Mask R-CNN uses a ResNet-FPN model for feature extraction, and the model is also used for feature extraction in the embodiment. FPN (feature pyramid network) is a well-designed multi-scale detection method, which comprises three parts of bottom-up, top-down and transverse connection, and the structure can fuse the features of all levels to make the features have strong semantic information and strong spatial information simultaneously. As shown in fig. 1, in the bottom-up process, ResNet is used as a skeleton network, and is divided into 5 layers according to the size of a feature map, and the output results of each layer are ConV1, ConV2, ConV3, ConV4 and ConV 5; the top-down process is to sample the ConV feature map by using a nearest neighbor method to obtain M2, M3, M4 and M5, wherein M6 is obtained by M5 downsampling; the transverse connection process is to fuse the M layers and the ConV layers, eliminate aliasing effect of up-sampling through 3-by-3 convolution kernel processing, and finally obtain P2, P3, P4, P5 and P6. As can be seen from the figure, P2 is obtained by the fusion process of ConV2 and M3 and the 3 × 3 convolution kernel process, and P3 is obtained by the fusion process of ConV3 and M4 and the 3 × 3 convolution kernel process, that is, the smaller X in the feature map PX indicates that PX is obtained by the lower convolution layer.

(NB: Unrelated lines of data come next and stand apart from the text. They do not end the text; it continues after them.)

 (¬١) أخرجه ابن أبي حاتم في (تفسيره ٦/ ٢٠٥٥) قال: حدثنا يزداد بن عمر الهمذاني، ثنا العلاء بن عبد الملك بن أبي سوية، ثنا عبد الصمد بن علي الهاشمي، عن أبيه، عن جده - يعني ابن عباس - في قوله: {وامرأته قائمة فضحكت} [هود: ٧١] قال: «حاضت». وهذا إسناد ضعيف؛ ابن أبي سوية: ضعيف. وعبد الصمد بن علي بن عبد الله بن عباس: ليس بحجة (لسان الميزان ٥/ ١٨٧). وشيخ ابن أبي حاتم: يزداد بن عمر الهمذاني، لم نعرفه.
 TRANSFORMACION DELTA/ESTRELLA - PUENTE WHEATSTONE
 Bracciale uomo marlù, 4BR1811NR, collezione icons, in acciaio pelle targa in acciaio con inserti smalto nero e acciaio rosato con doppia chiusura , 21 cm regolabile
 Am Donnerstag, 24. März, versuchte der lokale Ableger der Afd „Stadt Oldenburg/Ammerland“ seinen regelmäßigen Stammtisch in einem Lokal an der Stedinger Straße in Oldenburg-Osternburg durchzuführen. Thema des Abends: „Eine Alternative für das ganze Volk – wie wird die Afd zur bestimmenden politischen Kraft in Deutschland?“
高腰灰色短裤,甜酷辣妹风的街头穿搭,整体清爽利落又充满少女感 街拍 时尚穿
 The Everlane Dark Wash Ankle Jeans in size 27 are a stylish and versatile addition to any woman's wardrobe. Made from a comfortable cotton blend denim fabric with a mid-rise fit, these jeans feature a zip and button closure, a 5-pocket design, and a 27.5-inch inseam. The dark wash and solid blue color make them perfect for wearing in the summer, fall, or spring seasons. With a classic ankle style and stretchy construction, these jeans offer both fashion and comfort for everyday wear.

Assuming that (H, W) is the height and width of the target image, the feature maps P2, P3, P4, P5 and P6 correspond to the sizes of (H/4, W/4), (H/8, W/8), (H/16, W/16), (H/32, W/32) and (H/64, W/64) in sequence, and the number of channels is 256. And taking [ P2, P3, P4 and P5] as candidate feature maps, and selecting the feature maps according to the sizes of the segmentation objects in different tasks. For example, in the task of segmenting the small target instances, a feature map with higher resolution should be selected, for example, the feature map with higher resolution is selected to improve the segmentation accuracy [ P2, P3, P4], whereas for the task of segmenting the large target instances, a feature map with relatively lower resolution may be selected to improve the segmentation efficiency [ P3, P4, P5 ]. In this embodiment, the K value calculated by the following formula is used to adaptively select a feature map [ P (K-1), PK, P (K +1) ]:

K＝[K₀+log₂(wh/WH)] (2)

wherein, the [ alpha ], [ beta ]]Representing rounding processing; w and h are the width and height of the detection frame respectively; w and H are the width and height of the target image respectively; k₀The hierarchy level where the object with the area W × H should be located is set to 5 in this embodiment.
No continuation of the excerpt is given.